Negosiasi Buntu dan Peluang Trump Hentikan Perang Melawan Iran Kian Tipis
Laporan internal mengonfirmasi bahwa pejabat militer tingkat tinggi AS mulai merasa cemas melihat dinamika ini. Ketua Kepala Staf Gabungan AS Jenderal Dan Caine bahkan secara tertutup mendesak pejabat senior pemerintahan agar segera mencari jalan keluar diplomatik. “Para pejabat senior harus segera menemukan opsi penyelesaian konflik ini,” tegas Caine dalam sebuah pertemuan tertutup. Kendati demikian, peluang Trump hentikan perang melawan Iran kian tipis sebab tuntutan Teheran terlalu menyudutkan posisi politik Washington.
Krisis Amunisi Melanda Pasukan Militer Amerika Serikat
Di samping kendala diplomatik, militer Amerika Serikat kini menghadapi ancaman serius berupa penurunan drastis persediaan amunisi mereka. Operasi militer yang sudah berlangsung selama lima bulan telah menguras hampir 80 persen rudal pencegat utama. Para komandan lapangan memberikan peringatan keras bahwa stok persenjataan vital berada pada tingkat yang sangat mengkhawatirkan. Donald Trump sendiri akhirnya memberi pengakuan terbuka terkait situasi pasokan logistik tempur negaranya tersebut. “Stok beberapa jenis amunisi memang terasa sedikit lebih ketat saat ini,” ujar Trump saat memberikan keterangan resmi.
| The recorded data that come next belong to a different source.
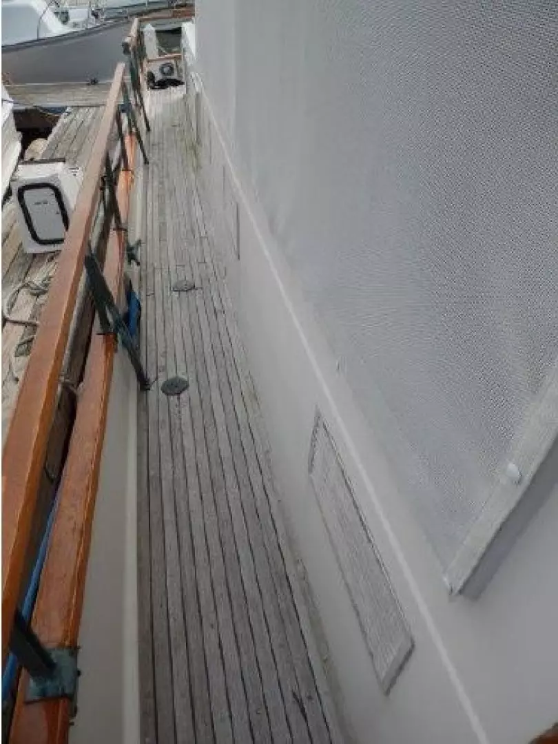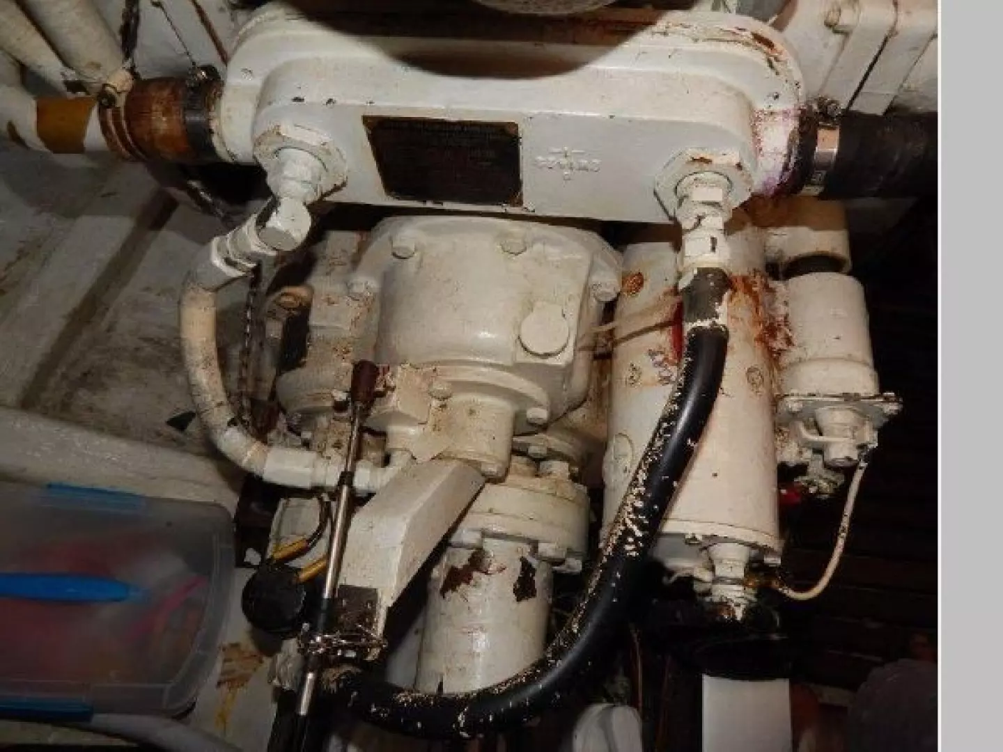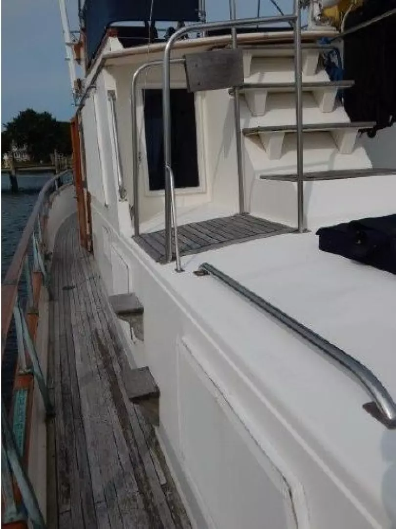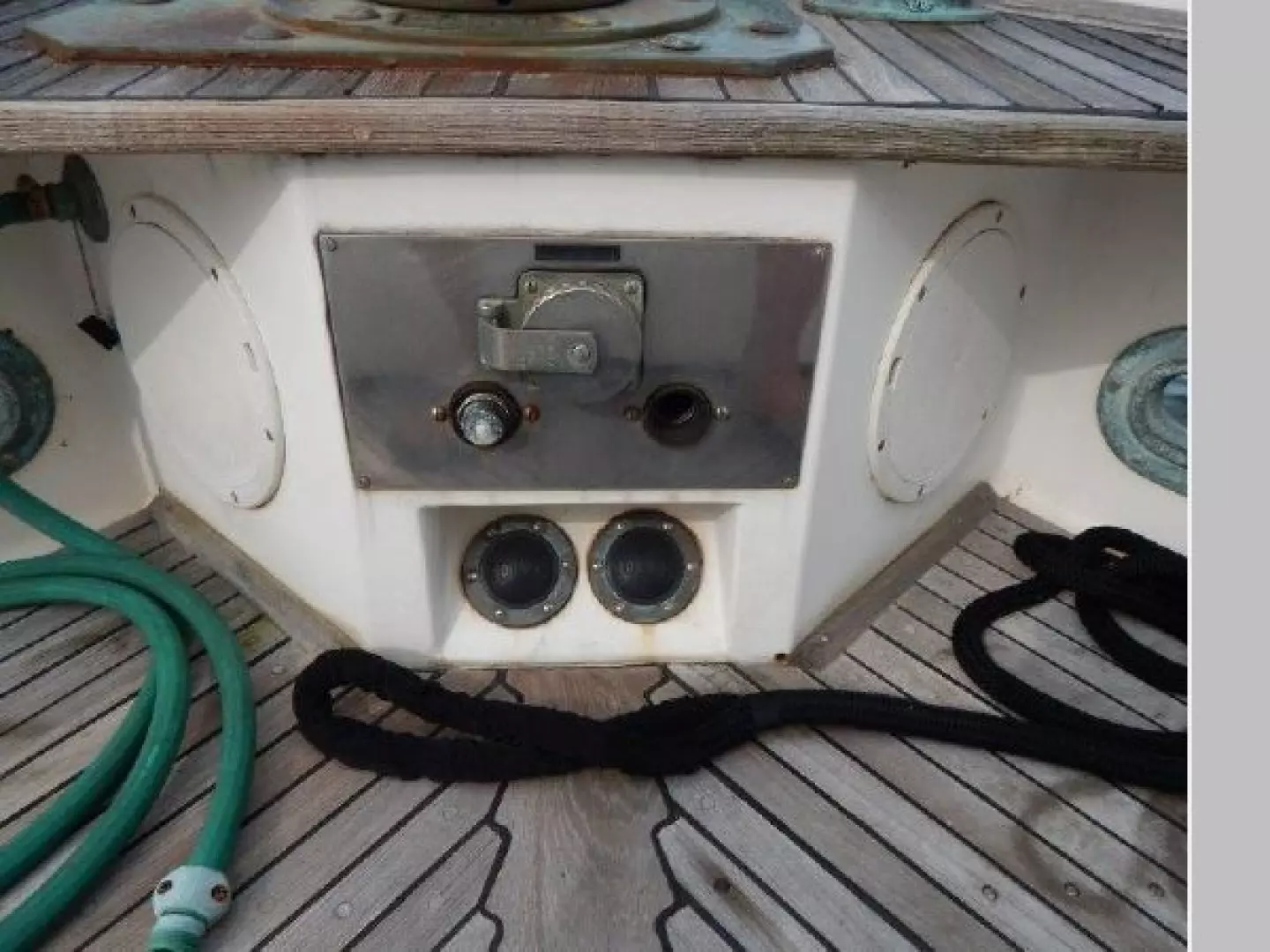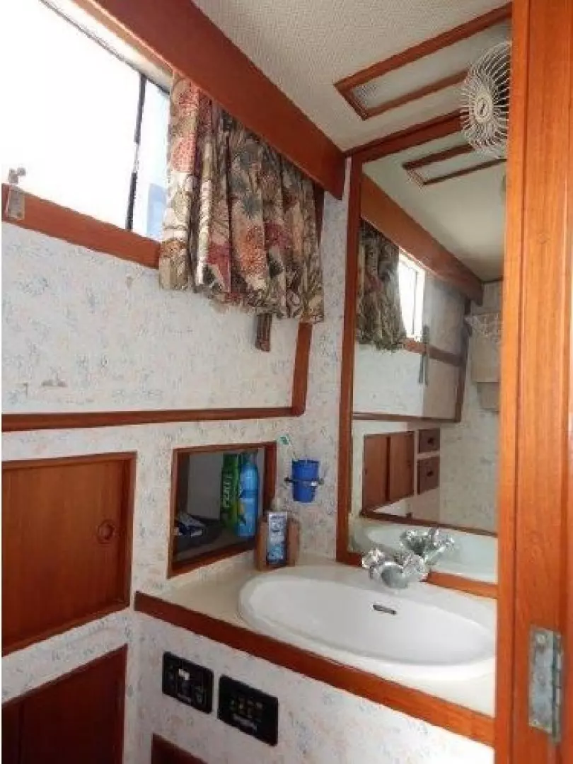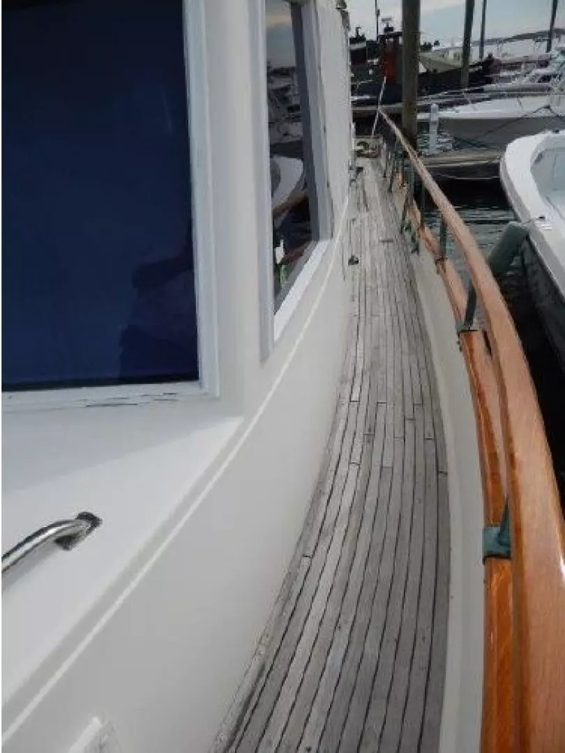 Linens and blankets convey with the boat. Satin-Varnished Teak Cabinetry and Teak Parquet Cabin Sole run throughout. New interior cushions in Salon. There are overhead lights, reading lights and opening windows with curtains in all three cabins. Tinted Windows allow privacy inside without glare. Excellent visibility, ventilation and comfort for Helmsman and guests in the Main Salon while underway or in port.
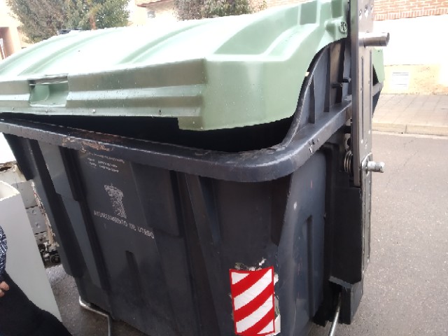 El contenedor verde de residuos no abre bien y se encuentra frecuentemente demasiado metido en la calzada.
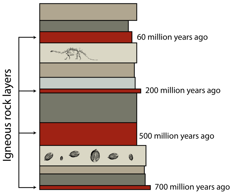 Figure 10.5: In relative dating, fossils are dated relative to layers of igneous (volcanic) rocks that they are near. Older layers are deeper in the Earth, younger layers are closer to the surface.
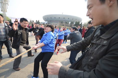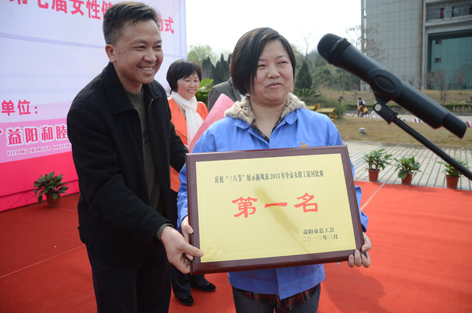 3月7日,在益阳市总工会举办的 “庆祝三.八节,展示新风采”拔河比赛中,公司女工拔河队在16支参赛队伍中,力压群雄,勇夺冠军,展示了公司女工的风采。 上图为公司拔河选手在奋力拼搏;下图为公司女工委员李宪上台领取奖牌。
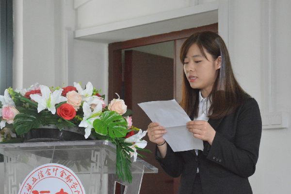 姜书记指出,党的十九大要求高校培养社会主义合格建设者和可靠接班人,广大青年团员要学懂弄通十九大精神,做实做好我院共青团工作。习近平总书记在北大座谈会对广大青年提出爱国、励志、求真和力行四点希望。姜书记对共青团在新形势下人才培养方面提出要求,希望团委要从广大同学的需求出发,把工作做到学生的心坎里。团支书起到表率引领作用,在工作中进行梳理总结,实现自我教育,自我完善。团员同学应以主人翁精神,起好带头作用,立志存真。她肯定了本次活动中团委和团支部开展的活动,内容主题新颖,形式丰富多彩,意义影响深远。最后,姜书记提出当代青年大学生要有爱国的“心”、青年大学生要有将责任扛在肩上的“愿”、团干部要有引领的“力”、新时代的团委要有跟党走的“行”。
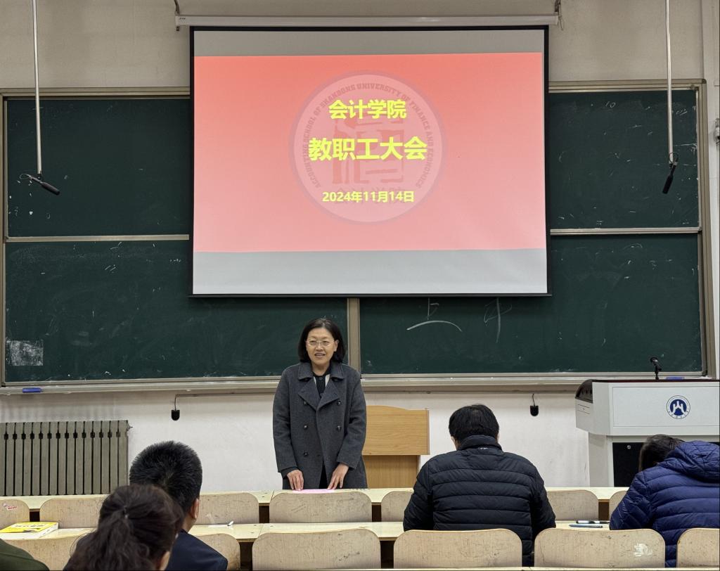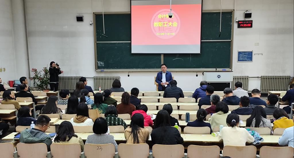 张红霞与全体教职工进行了深度交流,她肯定了黄色网站 的辉煌成绩及全体教职工的辛勤付出,并对黄色网站 的发展提出要求,她首先强调了师德师风建设的重要性,指出要进一步强化政治理论学习,提升政治素养和业务能力。其次,在教研科研方面,张红霞向全体教职工分享了自身教学心得与经验,指出要大力弘扬教育家精神,加强教研科研建设,传承并发扬“红色会计”,发展智能会计。最后,张红霞呼吁全体教职工再接再厉,为学校建成全国一流财经特色名校共同努力。
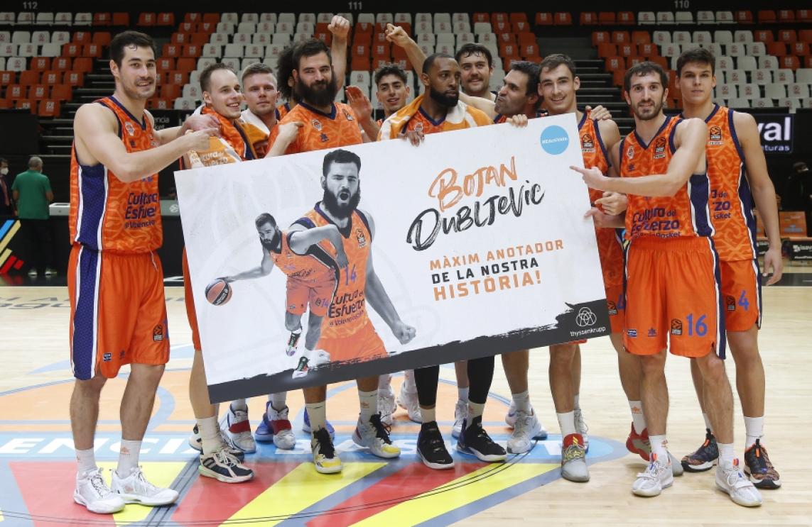 The captain of Valencia Basket, Bojan Dubljevic, managed last night to reach 5,593 points scored with the taronja jersey in a career of 465 games in our Club. A figure that makes him the all-time top scorer for our Club since last night. The Montenegrin center is honest to admit that “I really don't have words to express how proud I am, this means everything to me. Being the top scorer for a great club is something every player dreams of ”.
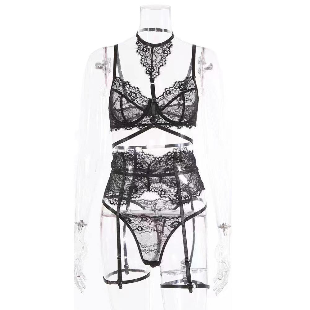 No Minimum Women Sexy Sling Lace Perspective Lingerie Set Floral Bra and Panty Sets Sexy Underwear Set Onesie Dress

Pentagon Mendesak Industri Pertahanan Tingkatkan Produksi Senjata

Menanggapi krisis amunisi yang kian meruncing, pihak Pentagon langsung mengambil langkah darurat. Pimpinan militer meminta seluruh industri pertahanan dalam negeri untuk segera memaksimalkan kapasitas produksi senjata mereka. Produsen persenjataan harus mempercepat pengiriman berbagai jenis amunisi guna menutupi kekurangan fatal di barisan depan. Apabila industri pertahanan gagal memenuhi kuota dengan cepat, posisi tempur pasukan AS akan semakin terancam di tengah gempuran konflik yang tak kunjung usai.